The government approved the "Basic Directions of Development of Civil Naval Equipment 2009-2016" program on 08 November 2007. It allotted 140 billion rubles over that period for the establishment of the United Shipbuilding Corporation, of which 91 billion rubles was to come from the federal budget. The director of United Shipbuilding Yury Yarov and chairman of the board Deputy Prime Minister Sergey Naryshkin were presented to the government. The USC planned to build 30-35 platforms for the exploration and production of oil and gas on the continental shelf by 2015. Subsequently, the corporation was to focus on the construction of tankers of 140,000-160,000 tons displacement, with the first of these ships to be launched in 2015. But existing wharves can handle ships of a maximum capacity of 70,000 tons displacement. Projects to build new wharves in three regions - western, northern and far-eastern - were to be chosen by VEB-Development Bank in the first half of 2008. While the formation of the United Shipbuilding Corporation and plans for new commercial ship-building facilities do not directly impact plans for aircraft carriers, there may be indirect connections between new commercial ship-building facilities and a competition to build new aircraft carriers.

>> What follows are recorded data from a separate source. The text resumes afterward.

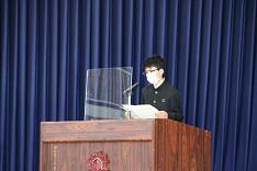 始業式では、各学年の代表生徒と生徒会代表生徒の新年度の抱負を述べてもらいました。一人一人の決意が伝わる発表で、生徒会代表からは、「学校内での挨拶は良くなっています。今年はさらに学校外で地域の方々にも積極的に挨拶していきましょう」。という決意表明がありました。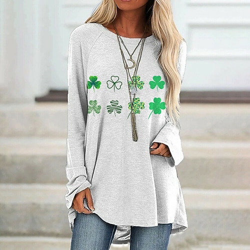 Maglietta da donna per il giorno di San Patrizio scollo a V a manica lunga grafica casual moda quadrifoglio top regolari stampa giorno di San Patrizio verde erba bianco verde chiaro verde scuro verde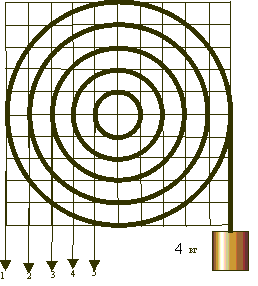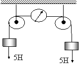 На двух блоках подвешены одинаковые грузы, связанные между собой через динамометр. Вес каждого груза 5 Н. Что показывает динамометр?![]() |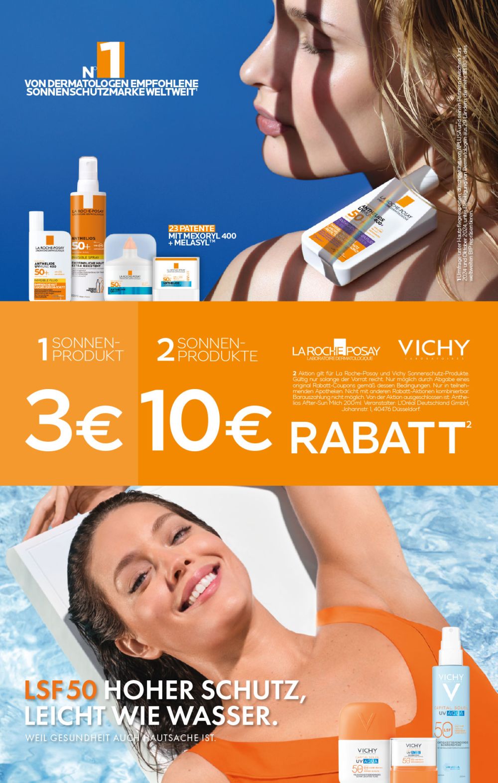 3 € Rabatt beim Kauf eines Sonnenprodukts von La Roche-Posay und 10 € Rabatt beim Kauf von zwei Sonnenprodukten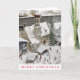 Una hermosa vista de una exhibición de invierno en la iglesia y el mensaje "Feliz Navidad" impreso en la parte delantera de una tarjeta de Navidades dejada en blanco dentro para tu propio mensaje personal.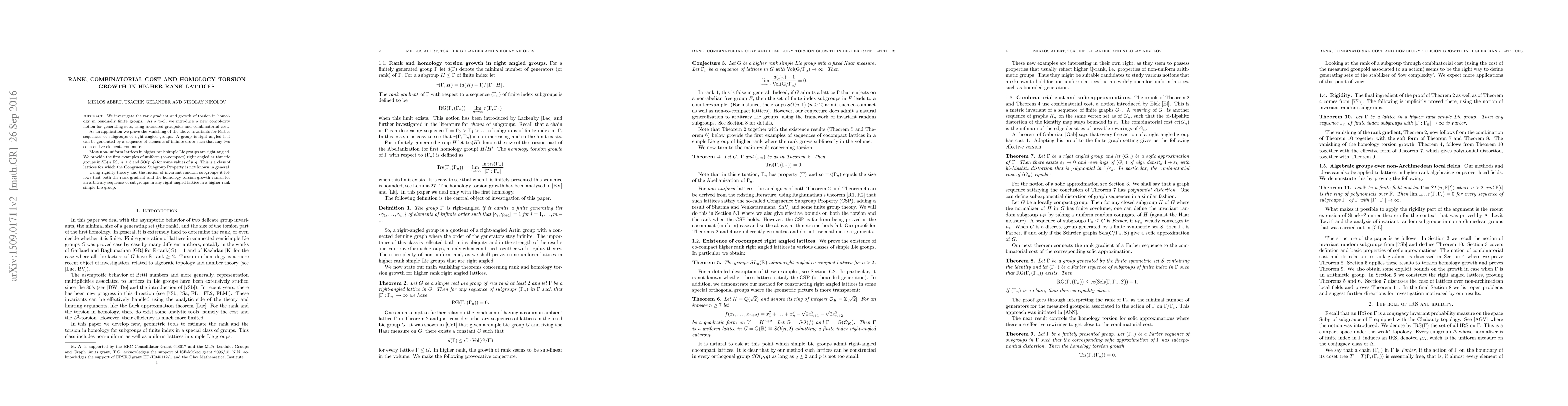 This paper explores the rank gradient and homology torsion growth in residually finite groups, introducing a new complexity notion using measured groupoids and combinatorial cost. It demonstrates vanishing invariants for Farber sequences in right angled groups and provides examples of uniform right angled arithmetic groups in $\mathrm{SL}(n,\mathbb{R})$ and $\mathrm{SO}(p,q)$, concluding that rank gradient and homology torsion growth vanish in any sequence of subgroups in right angled lattices in higher rank simple Lie groups.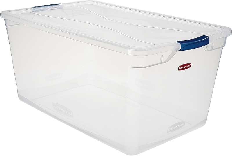 Clever Store containers have a straight wall design that maximizes storage space holding up to 14% more than other containers in the same space. The handles and lid have a square edge design to fit efficiently into cabinets, closets and other areas. The recessed lid ensures superior stacking while the latches lay flat for easy stacking.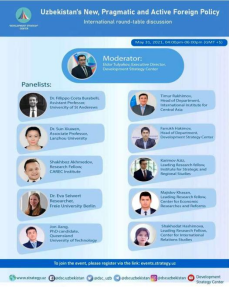 、兰州大学中亚研究所孙秀文副教授应邀参加“乌兹别克斯坦新型、务实和积极的对外政策”线上学术研讨会。本次国际会议由乌兹别克斯坦发展战略中心发起,并由国际经济和政治研究中心、总统战略与区域研究院、国际关系信息分析中心、中亚地区国际研究院等多家乌兹别克斯坦科研院所协办。来自乌兹别克斯坦、中国、英国、德国、澳大利亚的10余名代表在会议上围绕乌兹别克斯坦外交发表了观点并展开了讨论。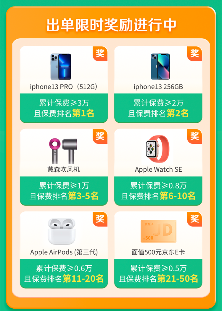 活动期间推广众安系产品,只要保费满足梯度条件、并达成保费排名,可获得实物奖励。奖励在活动结束后 45 个工作日内统一发放。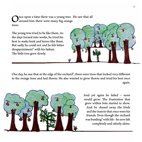 One day, he saw that at the edge of the orchard2, there were trees that looked very different to the orange trees and had thorns. He also wanted to grow thorns and tried his best once again.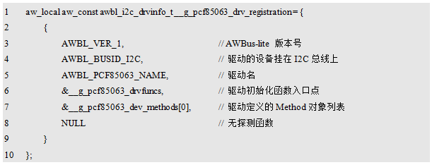 确定驱动所处的总线类型,对PCF85063作简要了解可知,该芯片通过I²C总线访问,芯片所处总线的类型即为:AWBL_BUSID_I²C。总线类型是一个非常重要的信息,驱动结构体常量、设备类型的定义均与总线类型相关。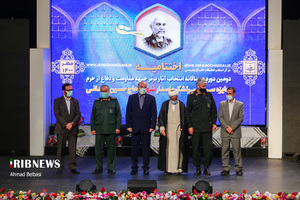 اختتامیه دومین دوره دو سالانه انتخاب آثار برتر جبهه مقاومت و دفاع از حرم جایزه سردار سرلشگر پاسدار شهید حاج حسین همدانی با حضور دکتر قالیباف رئیس مجلس شورای اسلامی و فرماندهان لشگری و کشوری در باغ موزه دفاع مقدس برگزار شد.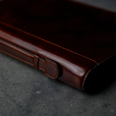 Time Resistance använder italienskt Vachetta-fullnarvsläder: vegetabiliskt garvat och handfärgat. Med tiden får det en vacker, levande patina.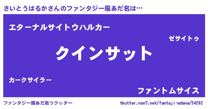 | 男性向けラノベタイトル風あだ名 | 『おまえをオタクにしてやるから、俺をさいとうはるかにしてくれ! 』 |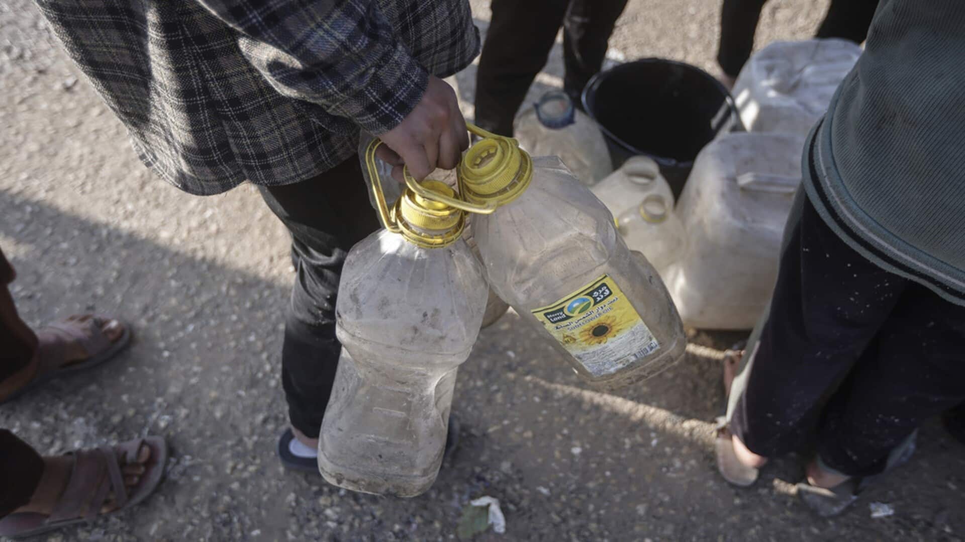 «Όπως βλέπετε, πλένουμε τα παιδιά μας σε μια μικρή λεκάνη. Είναι το νερό από το πλύσιμο των πιάτων, δεν είναι καθαρό, λόγω της έλλειψης νερού», δήλωσε η Φατίμα, η σύζυγος του Άχμεντ. Η ίδια πλένει τον γιο της στο πάτωμα ενός χώρου που είναι ό,τι έχει απομείνει από ένα διαλυμένο σχολείο, το οποίο πλέον αποτελεί το νεότερο σπίτι τους ύστερα από σειρά εκτοπισμών.

Russia's Navy commander, Adm. Vladimir Vysotsky, said in July 2008 that the Navy command had decided to form in the future five or six aircraft carrier task forces to be deployed with the Northern and Pacific fleets.
On 07 September 2008 Maj. Gen. Nikolai Kuklev, the deputy commander of Russia's naval aviation, said "We are considering extending the service life of the carrier. It will stay in service until 2020 and may be even until 2025." The general also confirmed that a decision to build new aircraft carriers for the Russian Navy had been adopted. On 24 September 2008 Vyacheslav Popov, a former commander of the Northern Fleet who now sits in the upper house of parliament, said Moscow may offer Ukraine contracts to build aircraft carriers for the Russian Navy. He commented on Russian Defense Minister Anatoly Serdyukov's statement on Tuesday that Russia could make several lucrative proposals to Ukraine that could convince Kiev to allow Russia's Black Sea Fleet to remain in Sevastopol after 2017, when the lease on the naval base in the Crimea expires. "We can offer Ukraine extensive and lucrative opportunities in the sphere of shipbuilding. They have the Nikolaev shipyards that used to build aircraft carriers during Soviet times," Popov said. "These shipyards are bankrupt and abandoned at present and with mutual consent we could help reactivate them," Popov said. Russia currently lacks the capacity to build aircraft carriers and modernizing its existing shipyards would be an expensive and lengthy proposition. Popov said though that this proposal "may become a sensitive issue as Ukraine's pro-Western president, Viktor Yushchenko, is seeking NATO and EU membership for the country.